==== SOURCE MATERIAL

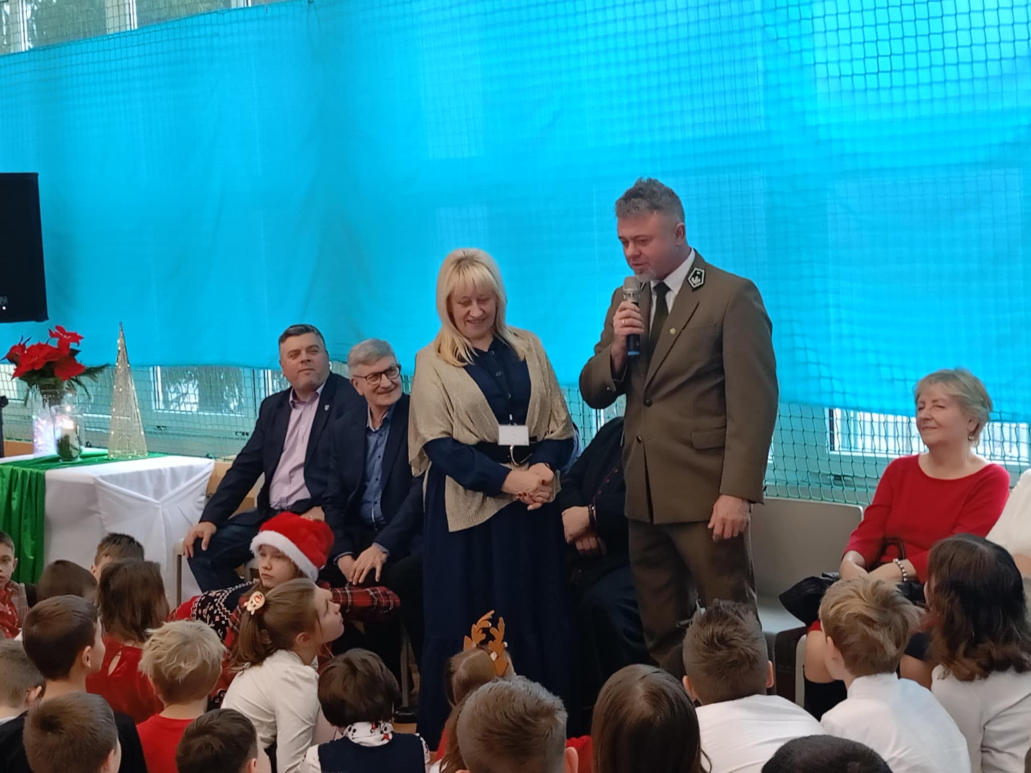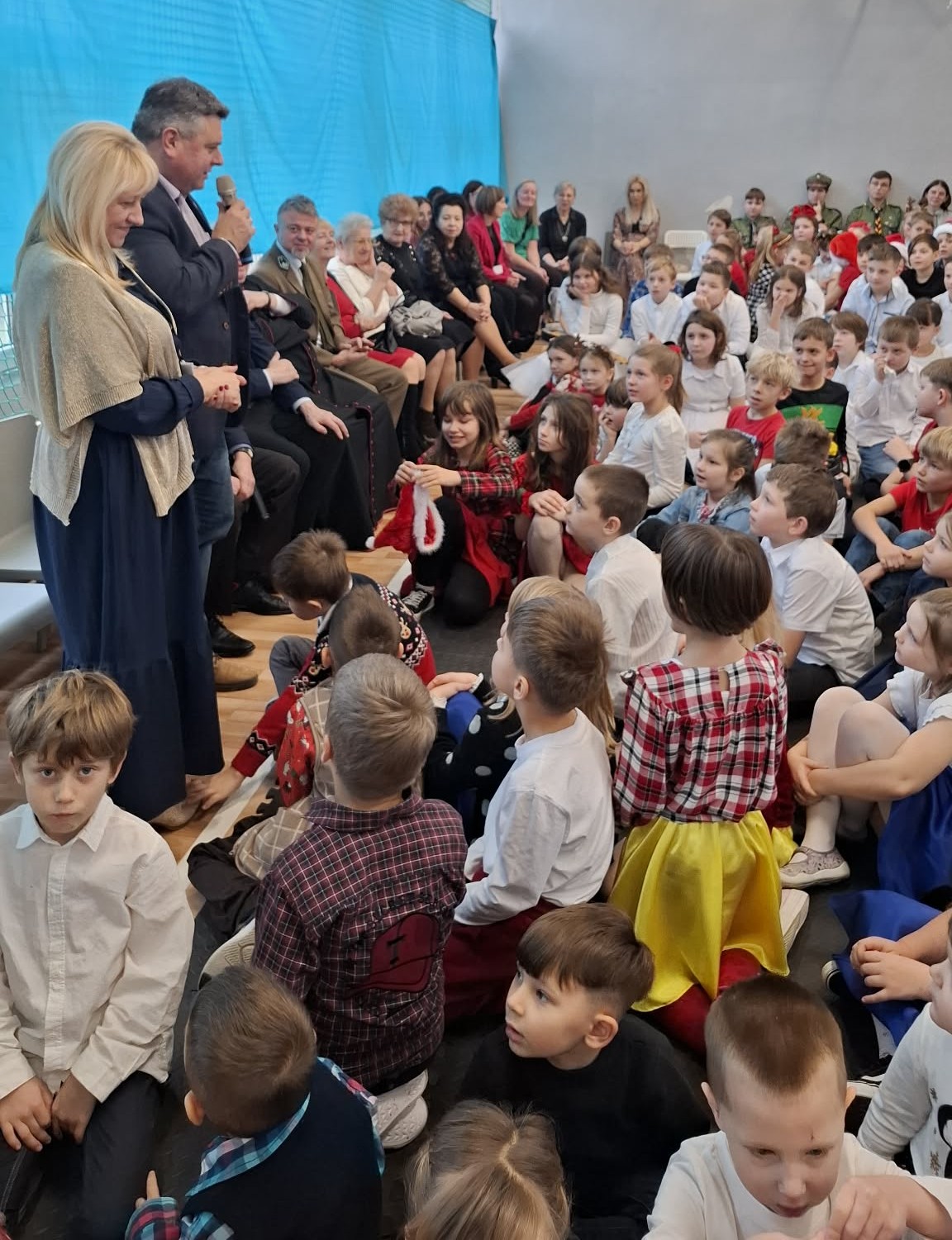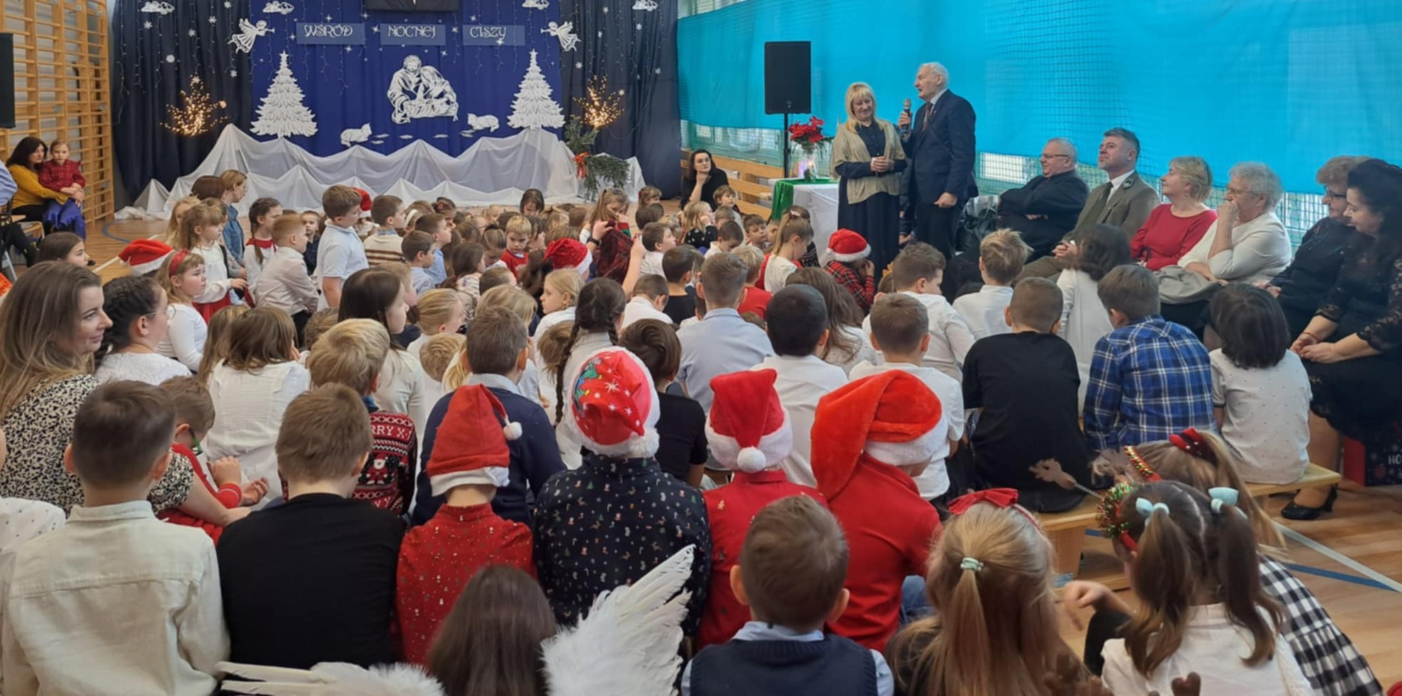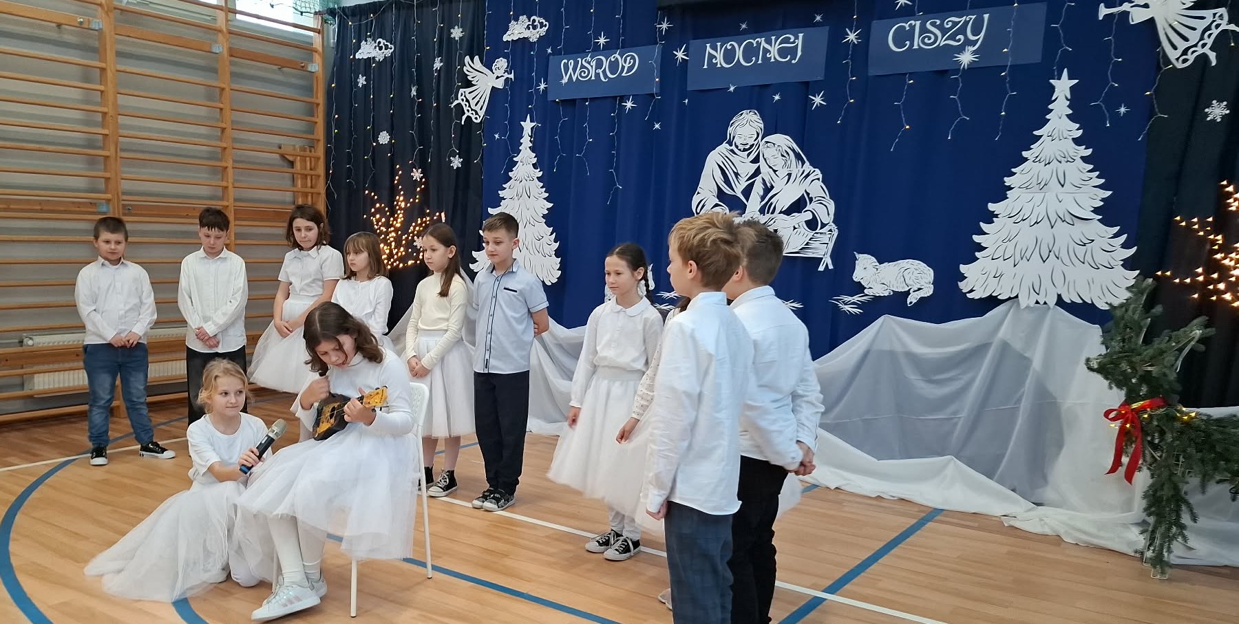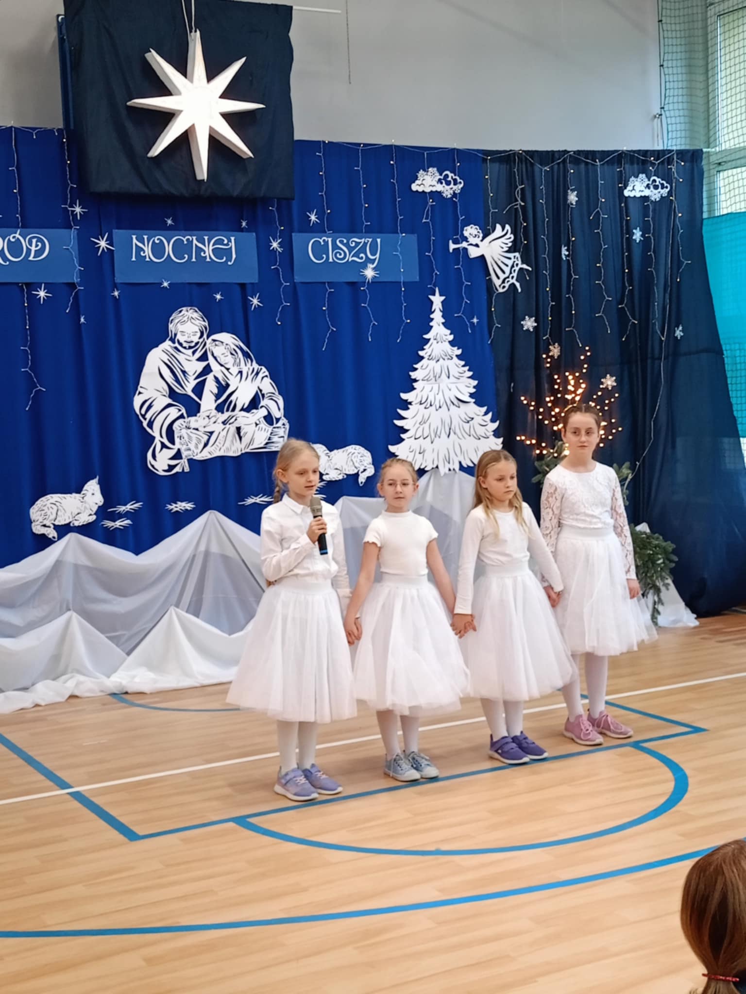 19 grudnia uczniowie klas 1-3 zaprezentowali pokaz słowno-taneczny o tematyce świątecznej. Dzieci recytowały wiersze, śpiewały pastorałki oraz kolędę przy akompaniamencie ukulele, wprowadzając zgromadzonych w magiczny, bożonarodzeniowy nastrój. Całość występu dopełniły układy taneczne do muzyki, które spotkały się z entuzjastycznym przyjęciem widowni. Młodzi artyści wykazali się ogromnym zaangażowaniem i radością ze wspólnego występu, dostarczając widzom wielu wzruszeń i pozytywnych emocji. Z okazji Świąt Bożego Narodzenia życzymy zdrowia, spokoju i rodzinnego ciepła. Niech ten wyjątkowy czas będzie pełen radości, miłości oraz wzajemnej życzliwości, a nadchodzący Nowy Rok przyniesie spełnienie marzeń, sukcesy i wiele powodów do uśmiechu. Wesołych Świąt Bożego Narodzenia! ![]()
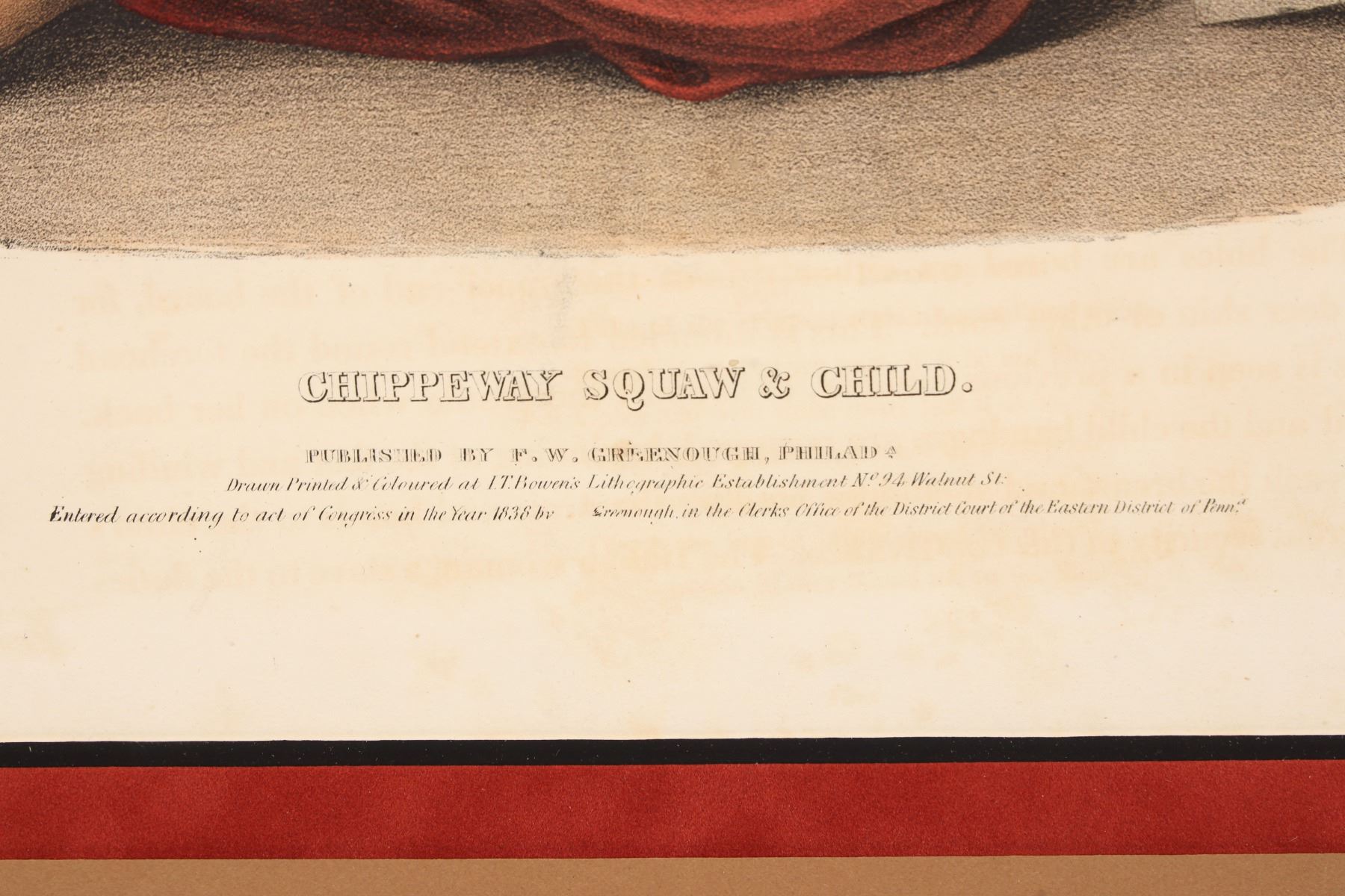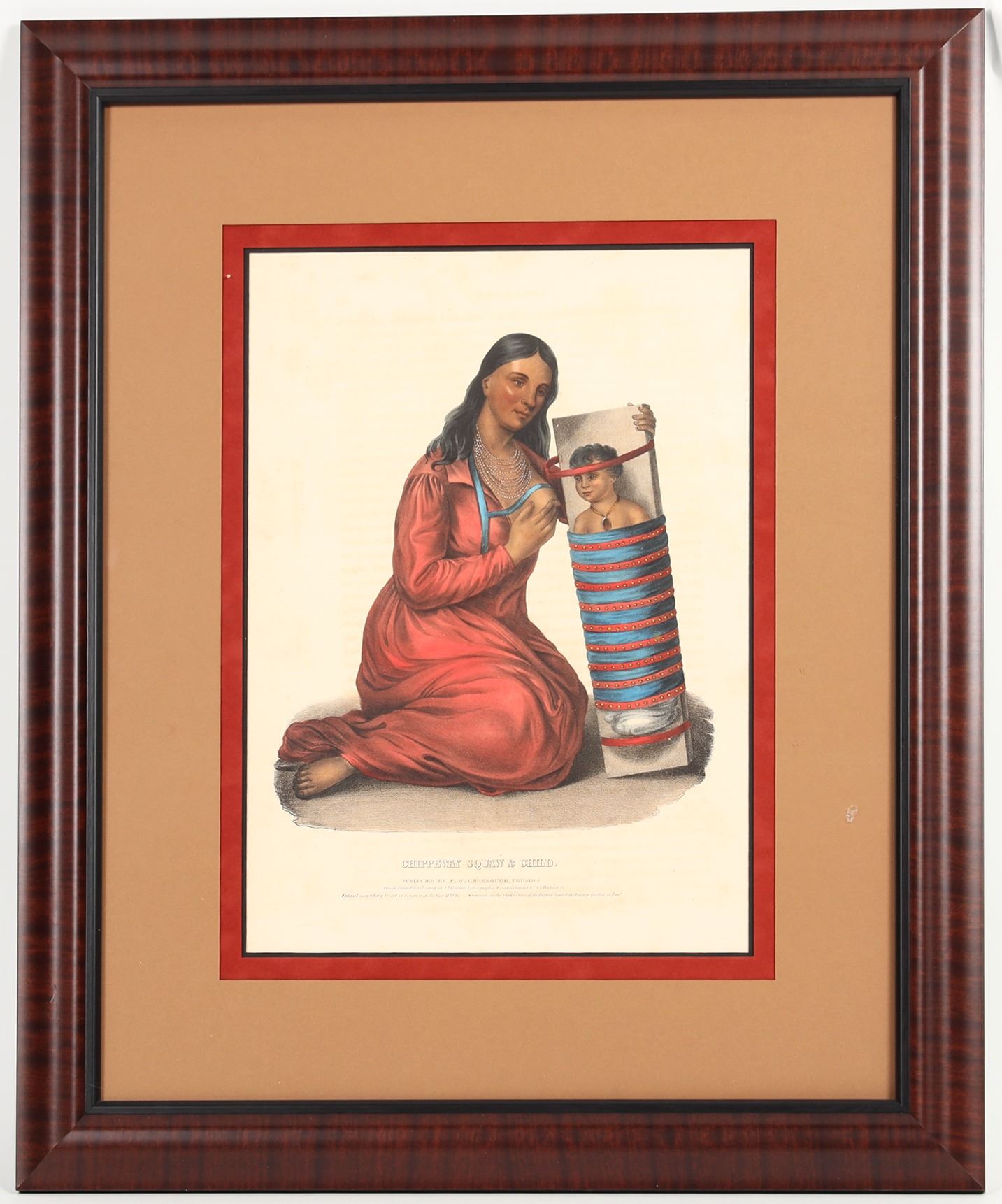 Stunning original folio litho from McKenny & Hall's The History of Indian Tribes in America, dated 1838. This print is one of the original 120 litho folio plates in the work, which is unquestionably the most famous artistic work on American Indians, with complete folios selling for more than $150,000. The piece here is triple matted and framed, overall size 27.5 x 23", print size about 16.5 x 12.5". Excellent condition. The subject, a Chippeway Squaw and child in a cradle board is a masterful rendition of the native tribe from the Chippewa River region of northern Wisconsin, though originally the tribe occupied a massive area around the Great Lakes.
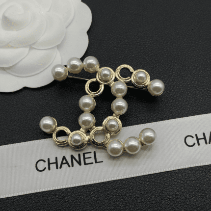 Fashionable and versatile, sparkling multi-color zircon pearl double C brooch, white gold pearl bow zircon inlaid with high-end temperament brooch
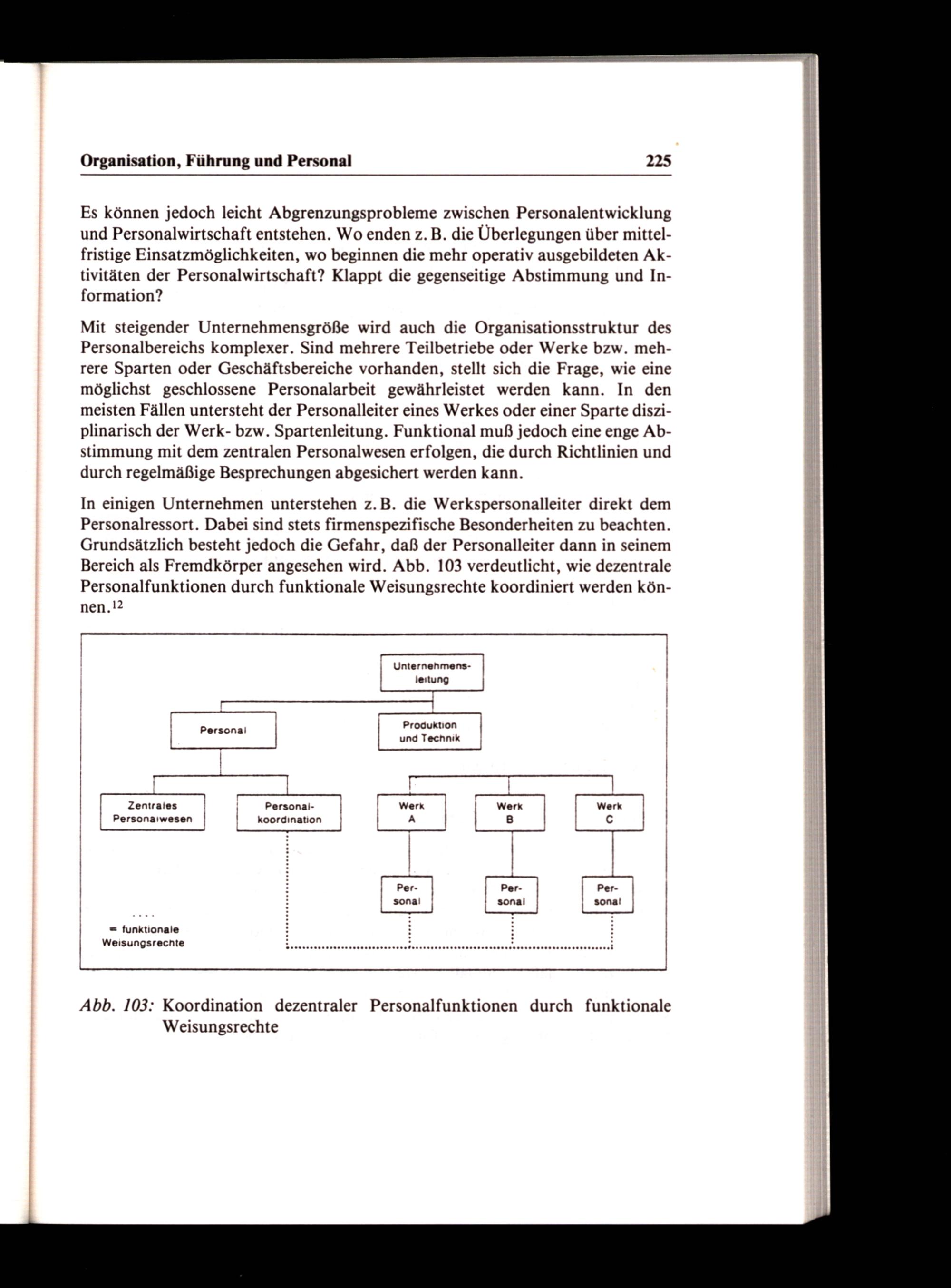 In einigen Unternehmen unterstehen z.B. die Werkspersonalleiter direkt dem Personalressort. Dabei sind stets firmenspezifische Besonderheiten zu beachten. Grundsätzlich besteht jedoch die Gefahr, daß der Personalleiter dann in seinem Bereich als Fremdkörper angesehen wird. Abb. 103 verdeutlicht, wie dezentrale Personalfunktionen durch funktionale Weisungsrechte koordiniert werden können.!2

========

**WHAT IS REQUIRED**: Give back the data verbatim. The pictures are not part of the copy.

**EXERCISE RESULT**:
 19 grudnia uczniowie klas 1-3 zaprezentowali pokaz słowno-taneczny o tematyce świątecznej. Dzieci recytowały wiersze, śpiewały pastorałki oraz kolędę przy akompaniamencie ukulele, wprowadzając zgromadzonych w magiczny, bożonarodzeniowy nastrój. Całość występu dopełniły układy taneczne do muzyki, które spotkały się z entuzjastycznym przyjęciem widowni. Młodzi artyści wykazali się ogromnym zaangażowaniem i radością ze wspólnego występu, dostarczając widzom wielu wzruszeń i pozytywnych emocji. Z okazji Świąt Bożego Narodzenia życzymy zdrowia, spokoju i rodzinnego ciepła. Niech ten wyjątkowy czas będzie pełen radości, miłości oraz wzajemnej życzliwości, a nadchodzący Nowy Rok przyniesie spełnienie marzeń, sukcesy i wiele powodów do uśmiechu. Wesołych Świąt Bożego Narodzenia! ![]()
 Stunning original folio litho from McKenny & Hall's The History of Indian Tribes in America, dated 1838. This print is one of the original 120 litho folio plates in the work, which is unquestionably the most famous artistic work on American Indians, with complete folios selling for more than $150,000. The piece here is triple matted and framed, overall size 27.5 x 23", print size about 16.5 x 12.5". Excellent condition. The subject, a Chippeway Squaw and child in a cradle board is a masterful rendition of the native tribe from the Chippewa River region of northern Wisconsin, though originally the tribe occupied a massive area around the Great Lakes.
 Fashionable and versatile, sparkling multi-color zircon pearl double C brooch, white gold pearl bow zircon inlaid with high-end temperament brooch
 In einigen Unternehmen unterstehen z.B. die Werkspersonalleiter direkt dem Personalressort. Dabei sind stets firmenspezifische Besonderheiten zu beachten. Grundsätzlich besteht jedoch die Gefahr, daß der Personalleiter dann in seinem Bereich als Fremdkörper angesehen wird. Abb. 103 verdeutlicht, wie dezentrale Personalfunktionen durch funktionale Weisungsrechte koordiniert werden können.!2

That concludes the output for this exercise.